What you need to do.
Please repeat, exactly and without pictures, the lines of the entries below that run from the one containing "Sliding function made with metal parts" through the one containing "Wetland 12AAAA – Intermittent".

------ Dataset extract ------

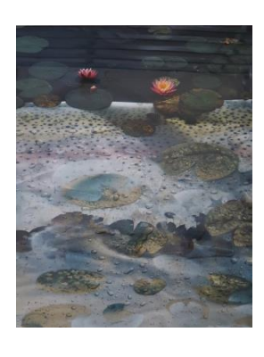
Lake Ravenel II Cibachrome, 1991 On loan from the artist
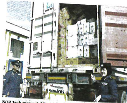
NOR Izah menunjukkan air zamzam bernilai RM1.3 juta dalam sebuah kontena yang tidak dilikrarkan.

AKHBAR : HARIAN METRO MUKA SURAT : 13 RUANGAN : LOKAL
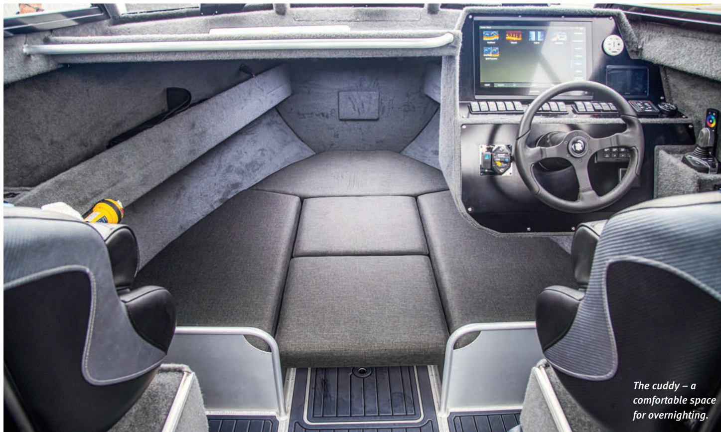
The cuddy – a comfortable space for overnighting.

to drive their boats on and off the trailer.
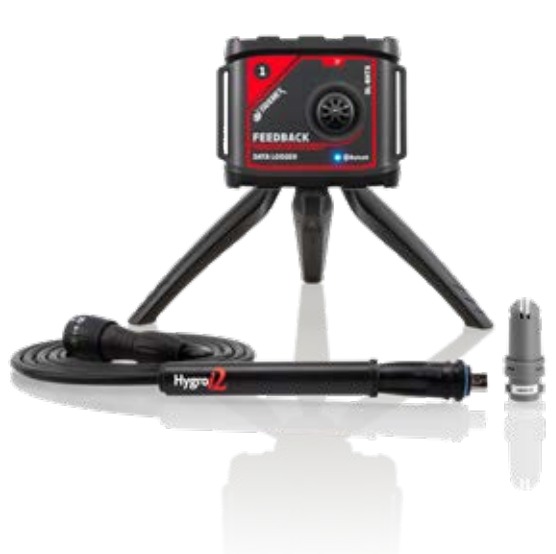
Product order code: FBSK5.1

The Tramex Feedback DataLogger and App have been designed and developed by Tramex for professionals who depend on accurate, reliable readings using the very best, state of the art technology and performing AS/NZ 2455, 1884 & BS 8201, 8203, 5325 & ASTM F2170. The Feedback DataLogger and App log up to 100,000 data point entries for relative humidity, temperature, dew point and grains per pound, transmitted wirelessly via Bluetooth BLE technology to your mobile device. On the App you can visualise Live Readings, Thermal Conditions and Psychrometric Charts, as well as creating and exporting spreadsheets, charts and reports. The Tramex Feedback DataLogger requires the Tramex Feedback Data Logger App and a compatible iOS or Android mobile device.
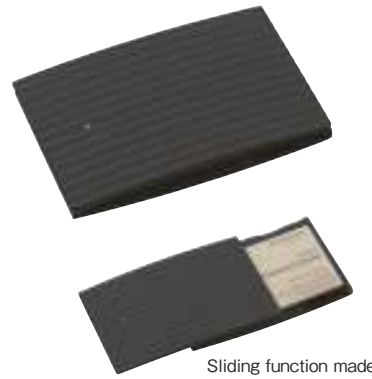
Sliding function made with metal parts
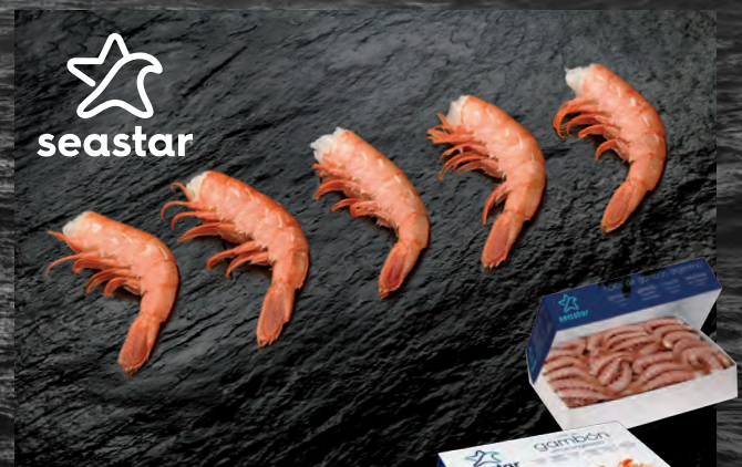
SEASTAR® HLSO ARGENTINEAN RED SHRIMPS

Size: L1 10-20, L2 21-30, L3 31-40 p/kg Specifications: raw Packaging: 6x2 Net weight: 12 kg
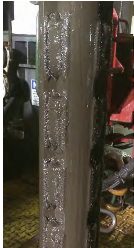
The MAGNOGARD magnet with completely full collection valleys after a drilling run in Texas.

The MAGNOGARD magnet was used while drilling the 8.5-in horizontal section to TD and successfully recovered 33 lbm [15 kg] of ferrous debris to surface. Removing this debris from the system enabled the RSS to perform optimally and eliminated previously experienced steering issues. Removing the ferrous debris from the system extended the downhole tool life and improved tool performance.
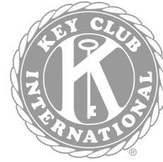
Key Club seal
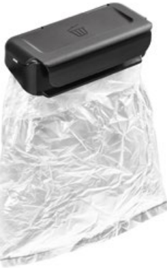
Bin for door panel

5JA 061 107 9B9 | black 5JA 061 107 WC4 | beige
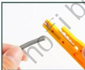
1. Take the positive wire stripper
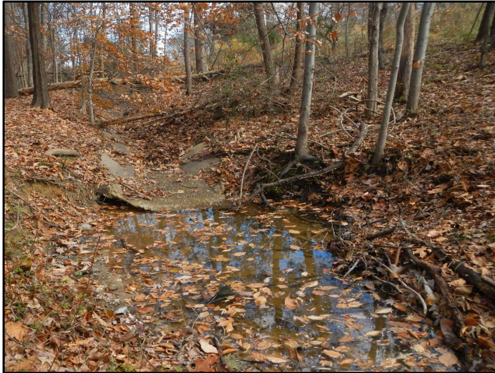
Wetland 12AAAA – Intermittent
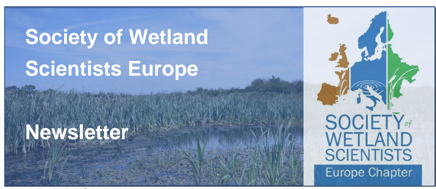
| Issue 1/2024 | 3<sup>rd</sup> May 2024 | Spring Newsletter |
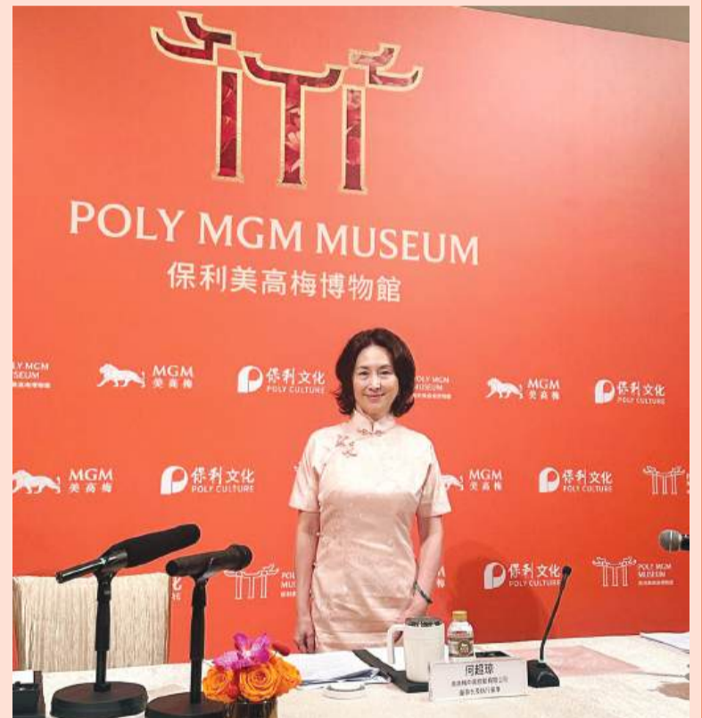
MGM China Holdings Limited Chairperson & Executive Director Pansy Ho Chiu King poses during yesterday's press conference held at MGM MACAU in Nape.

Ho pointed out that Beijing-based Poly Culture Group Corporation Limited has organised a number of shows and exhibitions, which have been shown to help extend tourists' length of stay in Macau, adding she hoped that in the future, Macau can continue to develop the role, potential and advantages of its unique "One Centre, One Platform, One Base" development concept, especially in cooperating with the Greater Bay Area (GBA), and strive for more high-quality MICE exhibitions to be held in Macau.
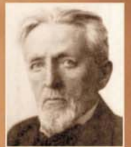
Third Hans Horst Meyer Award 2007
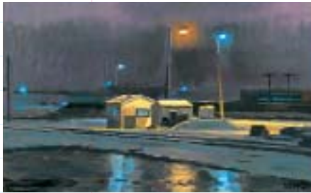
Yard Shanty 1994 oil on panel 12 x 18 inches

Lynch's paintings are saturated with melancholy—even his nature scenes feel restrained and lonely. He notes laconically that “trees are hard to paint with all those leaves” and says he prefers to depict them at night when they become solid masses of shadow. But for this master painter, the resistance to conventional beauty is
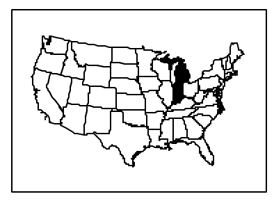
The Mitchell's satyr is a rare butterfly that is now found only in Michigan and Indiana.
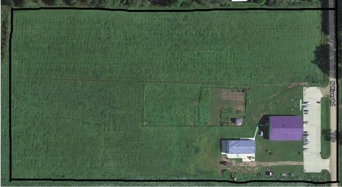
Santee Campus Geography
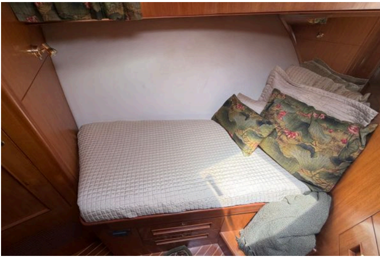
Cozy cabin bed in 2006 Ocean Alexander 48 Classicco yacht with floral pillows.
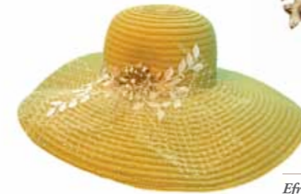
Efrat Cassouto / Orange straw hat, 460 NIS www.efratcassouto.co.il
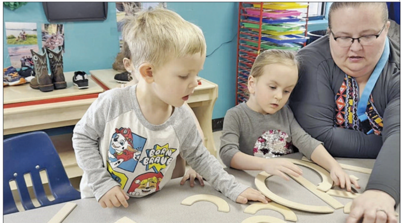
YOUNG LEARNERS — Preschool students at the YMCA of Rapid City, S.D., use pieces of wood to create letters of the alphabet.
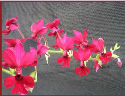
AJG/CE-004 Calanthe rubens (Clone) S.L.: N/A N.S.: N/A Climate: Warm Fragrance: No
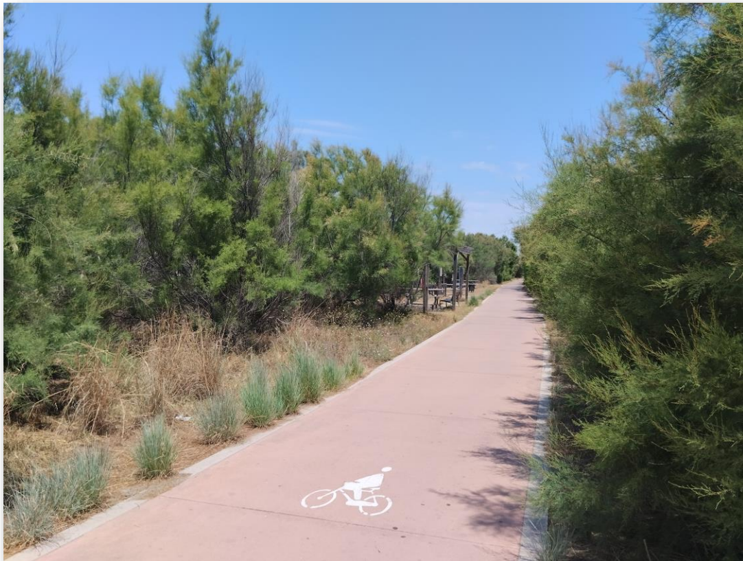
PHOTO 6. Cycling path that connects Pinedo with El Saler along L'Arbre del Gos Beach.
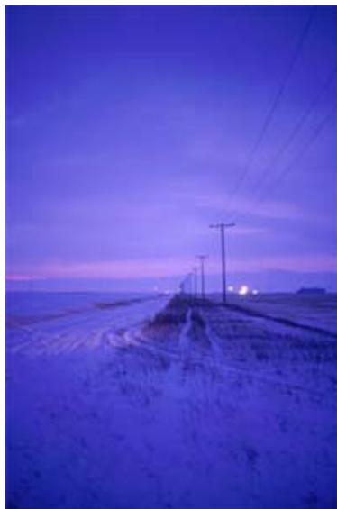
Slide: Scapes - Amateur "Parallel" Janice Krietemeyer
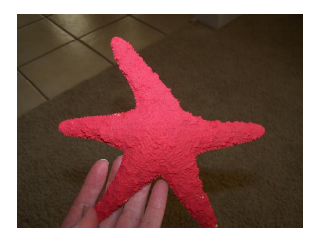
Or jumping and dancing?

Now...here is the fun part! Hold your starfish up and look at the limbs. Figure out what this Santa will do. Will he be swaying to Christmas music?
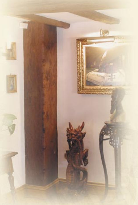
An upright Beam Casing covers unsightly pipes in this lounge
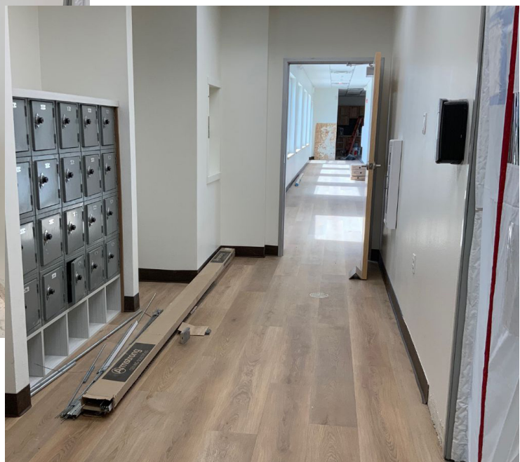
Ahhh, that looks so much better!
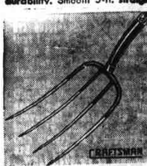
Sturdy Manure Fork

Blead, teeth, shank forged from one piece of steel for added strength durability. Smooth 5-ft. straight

------

Expected answer.
Sliding function made with metal parts
SEASTAR® HLSO ARGENTINEAN RED SHRIMPS

Size: L1 10-20, L2 21-30, L3 31-40 p/kg Specifications: raw Packaging: 6x2 Net weight: 12 kg
The MAGNOGARD magnet with completely full collection valleys after a drilling run in Texas.

The MAGNOGARD magnet was used while drilling the 8.5-in horizontal section to TD and successfully recovered 33 lbm [15 kg] of ferrous debris to surface. Removing this debris from the system enabled the RSS to perform optimally and eliminated previously experienced steering issues. Removing the ferrous debris from the system extended the downhole tool life and improved tool performance.
Key Club seal
Bin for door panel

5JA 061 107 9B9 | black 5JA 061 107 WC4 | beige
1. Take the positive wire stripper
Wetland 12AAAA – Intermittent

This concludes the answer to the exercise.